Gates: Maybe 100 Guantanamo Detainees to Be Held in the United States
Cue the OH NOES. From Defense Secretary Bob Gates’ testimony on the defense budget today:
“„Defense Secretary Robert M. Gates suggested on Thursday that as many as 100 detainees at the prison at Guantánamo Bay in Cuba would end up housed on American soil.
“„At a hearing of the Senate Appropriations Committee, Mr. Gates said that he has asked for $50 million in a supplemental request to this year’s Pentagon budget in case a new cell block needs to be built quickly for the detainees.

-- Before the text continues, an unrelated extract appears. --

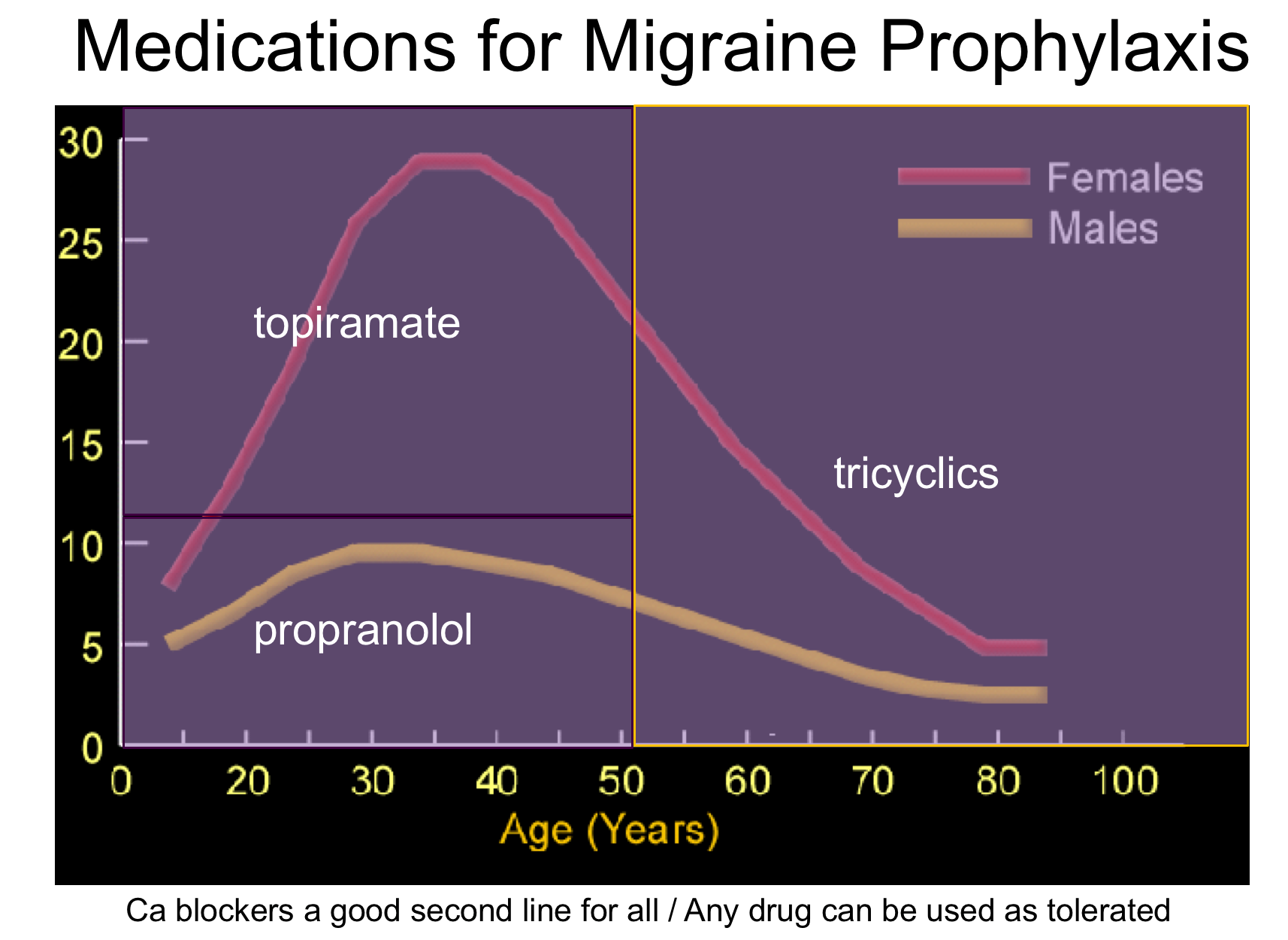 For patients over 50 the first “go to” medication is low dose nortriptyline (10 mg capsules, take 2HS Dispense 60 refillx5). Nortriptyline may work as well as it does in these patients because it has so many mechanisms of action: all tricyclic antidepressants are synthesized from an antihistamine base so has some antihistamine action with mild vestibular suppressant activity. It is also a medium potency calcium and sodium channel blocker, as well as an SNRI. In addition, it is anticholinergic; this is important because many chronic migraine sufferers have increased parasympathetic tone as a part of their migraine syndrome that leads to hypotension and orthostasis, as well as GI symptoms. Parasympathetic tone changes also cause tearing, nasal congestion and rhinorrhea.

Elizabeth Bumiller of The New York Times notes that it’s by no means certain that detainees would be held in military facilities — hence the “in case” part. But it’s ludicruous to believe that a convicted terrorist is going to be able to break out of a U.S. detention facility, as proven by the successful confinement of, say, Omar Abdel Rahman or Ramzi Yousef or Timothy McVeigh. Nor have there been an appreciable increase in radicalized prison populations as the result of Rahman or Yousef’s confinement. Such concerns aren’t good arguments against denying Guantanamo detainees the rights that the Supreme Court has ruled they possess.
Still, I have a question about this line from Gates:
“„“What do we do with the 50 to 100 — probably in that ballpark — who we cannot release and cannot try?” Mr. Gates said.
Why couldn’t we try them? Because the evidence on them wouldn’t be admissible in court? Too torture-y?